On the transmission side, because the voltage and rating of AC systems are capped by the cable used, a conventional cable model based on distributed parameters, together with a set of the most important AC technical limitations, will be used to determine the operating range of the voltage/power HVAC envelopes. The cost of the solution will refine and further restrict the operating range, finally confirming the break-even point for the HVDC alternative. Regarding the power requirements for the O&G site candidates, those will be clustered within these envelopes to validate their accuracy. Ultimately, the power rating required and the distance to shore shall determine the technology and setup to be used.

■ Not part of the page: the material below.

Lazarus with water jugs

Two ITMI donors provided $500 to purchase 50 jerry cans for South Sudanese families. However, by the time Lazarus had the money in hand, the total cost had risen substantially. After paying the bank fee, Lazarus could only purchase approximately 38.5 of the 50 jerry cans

It is expected that this will allow developers to select the most cost-effective configuration depending on the production rate and the distance to shore of each site, and therefore reduce the CAPEX and OPEX of the energy supply setup. OHVS suppliers may optimize the engineering, increase project replication, and reduce execution risk.

1.3. Paper Organization

The outline of this paper is as follows. Section 2 presents the literature review. Section 3 shows the results of our review of the existing O&G and OWF portfolio, both in terms of existing substations, as well as candidate sites for PFS which will provide the substance for the model. Section 4 details the methods, particularly the models of the transmission systems used in the optimization exercise as well as the final optioneering tool itself. The resulting standardized modules for AC and DC are calculated in Section 5 and the conclusions are captured in Section 6.

2. Literature Review

In general, contributions towards the standardization of PFS are limited, this is particularly so in terms of holistic approaches regarding the voltage level and power ratings to be used across multiple project sites.

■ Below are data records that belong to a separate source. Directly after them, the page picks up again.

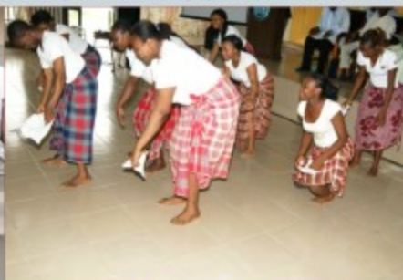
UNIPORT Concert Chorus performing
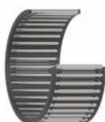
NEEDLE ROLLER BEARINGS
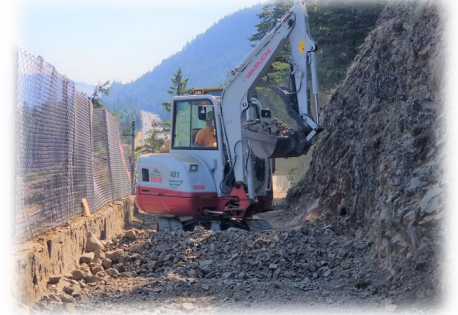
Right: Removal of rock to widen before drilling

The available literature is heavily concentrated on improving substation design, yet not on the standardization of the ratings used, and is focusing heavily on onshore transmission systems. At the same time, there is limited information available on the production-specific rating of offshore production sites. The latter must be estimated based on the existing PFS-connected sites, which, as seen before, may carry a project-specific bias.

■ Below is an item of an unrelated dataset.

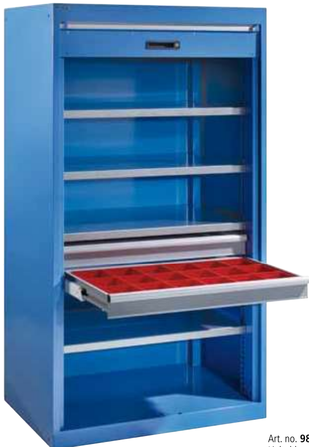
Art. no. 98.091.010 Light blue, RAL 5012 (excluding partition material)

641 200/160 Key Lock - 98.095.XXX 200 drawers / pull-out shelves 160 adjustable shelves
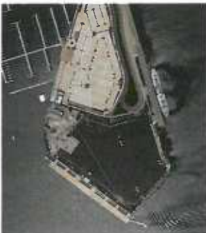
Berth 46 Wharf area and backland area Located at southern end of Miner Street

Our review further outlined and covered the performance and limitations of HVAC and HVDC systems that were built mostly as a result of knowledge gained from OWF research, their correlation with offshore O&G production, and ultimately the PFS concepts and their on-going modularization efforts.
There are multiple reviews available regarding the use of both HVAC and HVDC for OWF, as well as, for several oil and gas production sites. The review presented in [7] explains the substantial variability of the design standards, national technical frameworks, and commercial limitations, and includes the actual cost allocation to the multiple stakeholders involved during development and operation. Additionally, though patterns are emerging, several types of solutions are still being deployed offshore, including conventional offshore substations (usually self-standing and serving as the collector point for the offshore arrays), integrated substations (combining HVAC and HVDC infrastructure in the same substation) and offshore transformer modules (OTM).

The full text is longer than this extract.